UCMA 2.0 语音 SDK ( http://msdn .microsoft.com/en-us/library/dd266409%28v=office.13%29.aspx)表示它需要 Microsoft Office Communications Server 2007 R2 作为先决条件。然而,我在会议上被告知,如果我不需要 OCS 功能(例如状态和工作流程),我可以使用 UCMA 2.0 语音 API,而不使用 OCS。这是真的吗?

如果我正在为服务器应用程序构建一个简单的识别应用程序(假设我想自动转录语音邮件)并且我不需要 OCS 的功能,那么这两个 API 之间有什么区别?

There are two similar namespaces and assemblies for speech recognition in .NET. I’m trying to understand the differences and when it is appropriate to use one or the other.

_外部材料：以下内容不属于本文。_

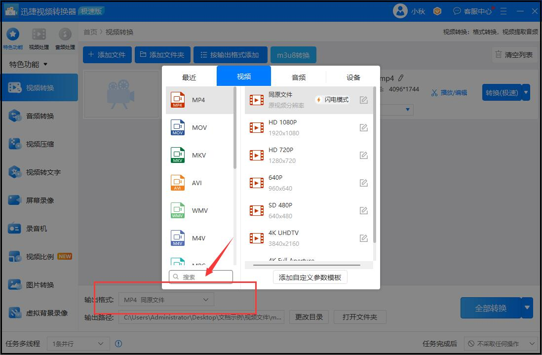 3、很快,软件就会将m3u8视频给识别出来,点击界面下放的“输出格式”,可以在输出格式选项中,选择需要的MP4格式,以及视频的品质大小,最后点击右下角的“全部转换”,就可以完成m3u8转MP4啦。

There is System.Speech.Recognition from the assembly System.Speech (in System.Speech.dll). System.Speech.dll is a core DLL in the .NET Framework class library 3.0 and later

There is also Microsoft.Speech.Recognition from the assembly Microsoft.Speech (in microsoft.speech.dll). Microsoft.Speech.dll is part of the UCMA 2.0 SDK

I find the docs confusing and I have the following questions:

System.Speech.Recognition says it is for "The Windows Desktop Speech Technology", does this mean it cannot be used on a server OS or cannot be used for high scale applications?

The UCMA 2.0 Speech SDK ( http://msdn.microsoft.com/en-us/library/dd266409%28v=office.13%29.aspx ) says that it requires Microsoft Office Communications Server 2007 R2 as a prerequisite. However, I’ve been told at conferences and meetings that if I do not require OCS features like presence and workflow I can use the UCMA 2.0 Speech API without OCS. Is this true?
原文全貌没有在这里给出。